* Data for this task
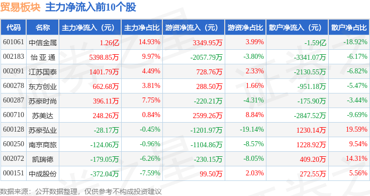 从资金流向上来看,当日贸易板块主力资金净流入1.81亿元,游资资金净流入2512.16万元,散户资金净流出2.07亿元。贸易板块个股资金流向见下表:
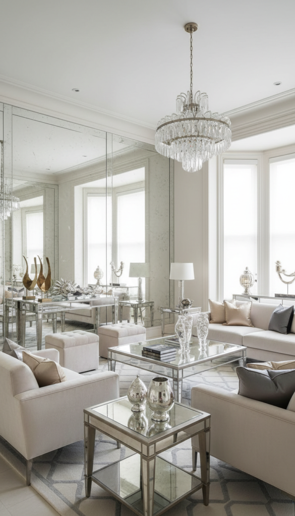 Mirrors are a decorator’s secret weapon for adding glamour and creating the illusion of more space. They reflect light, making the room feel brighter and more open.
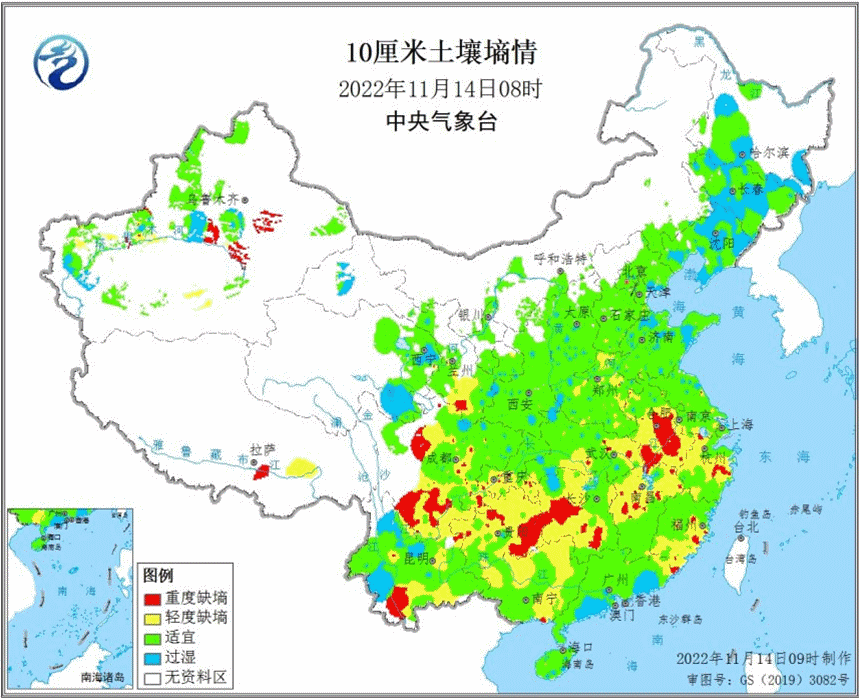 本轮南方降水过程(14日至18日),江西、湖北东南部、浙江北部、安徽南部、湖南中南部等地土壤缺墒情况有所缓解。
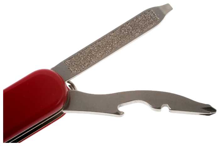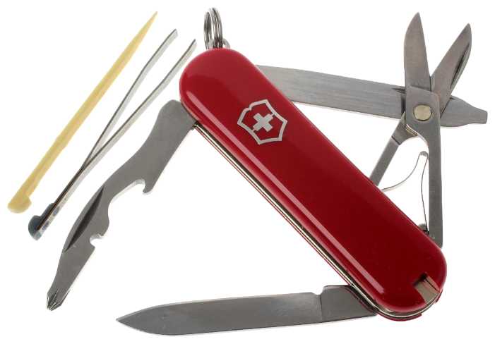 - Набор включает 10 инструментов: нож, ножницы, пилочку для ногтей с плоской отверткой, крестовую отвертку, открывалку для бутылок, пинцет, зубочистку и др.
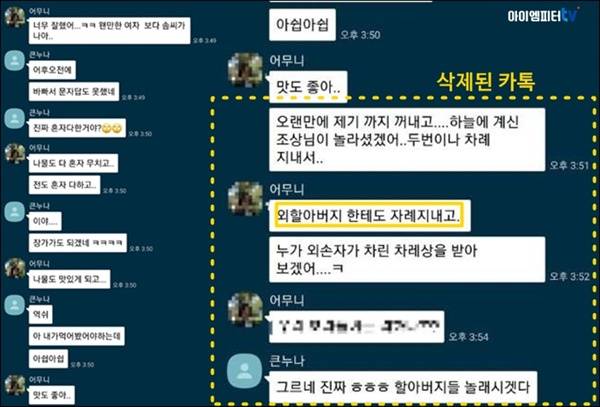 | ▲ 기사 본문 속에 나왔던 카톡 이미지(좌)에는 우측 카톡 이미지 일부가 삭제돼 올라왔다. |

==

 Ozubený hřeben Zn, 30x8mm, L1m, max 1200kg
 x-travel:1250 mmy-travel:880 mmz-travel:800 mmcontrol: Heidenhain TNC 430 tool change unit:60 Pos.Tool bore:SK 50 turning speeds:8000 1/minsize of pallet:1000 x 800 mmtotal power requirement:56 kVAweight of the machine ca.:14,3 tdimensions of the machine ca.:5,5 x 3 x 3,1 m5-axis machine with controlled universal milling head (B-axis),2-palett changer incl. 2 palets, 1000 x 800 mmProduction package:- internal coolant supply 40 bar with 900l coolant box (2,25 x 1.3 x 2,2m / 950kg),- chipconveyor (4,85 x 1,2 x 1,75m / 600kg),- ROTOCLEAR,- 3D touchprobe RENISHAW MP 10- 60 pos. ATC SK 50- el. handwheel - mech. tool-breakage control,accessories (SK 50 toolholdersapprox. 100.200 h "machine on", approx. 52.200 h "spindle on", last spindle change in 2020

==

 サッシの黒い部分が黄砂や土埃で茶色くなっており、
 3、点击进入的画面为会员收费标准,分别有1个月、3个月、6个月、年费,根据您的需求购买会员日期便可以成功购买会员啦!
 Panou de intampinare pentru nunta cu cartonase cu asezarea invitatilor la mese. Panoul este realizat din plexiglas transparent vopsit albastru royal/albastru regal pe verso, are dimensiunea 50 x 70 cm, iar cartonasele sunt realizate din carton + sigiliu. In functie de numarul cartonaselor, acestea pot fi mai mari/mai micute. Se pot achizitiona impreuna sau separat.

* Problem to work on
Exactly reproduce the lines above, starting at the one that contains "从资金流向上来看,当日贸易板" and ending at the one that contains "삭제돼 올라왔다. |", both inclusive; leave the pictures out and add no other lines.

* Response below
 从资金流向上来看,当日贸易板块主力资金净流入1.81亿元,游资资金净流入2512.16万元,散户资金净流出2.07亿元。贸易板块个股资金流向见下表:
 Mirrors are a decorator’s secret weapon for adding glamour and creating the illusion of more space. They reflect light, making the room feel brighter and more open.
 本轮南方降水过程(14日至18日),江西、湖北东南部、浙江北部、安徽南部、湖南中南部等地土壤缺墒情况有所缓解。
 - Набор включает 10 инструментов: нож, ножницы, пилочку для ногтей с плоской отверткой, крестовую отвертку, открывалку для бутылок, пинцет, зубочистку и др.
 | ▲ 기사 본문 속에 나왔던 카톡 이미지(좌)에는 우측 카톡 이미지 일부가 삭제돼 올라왔다. |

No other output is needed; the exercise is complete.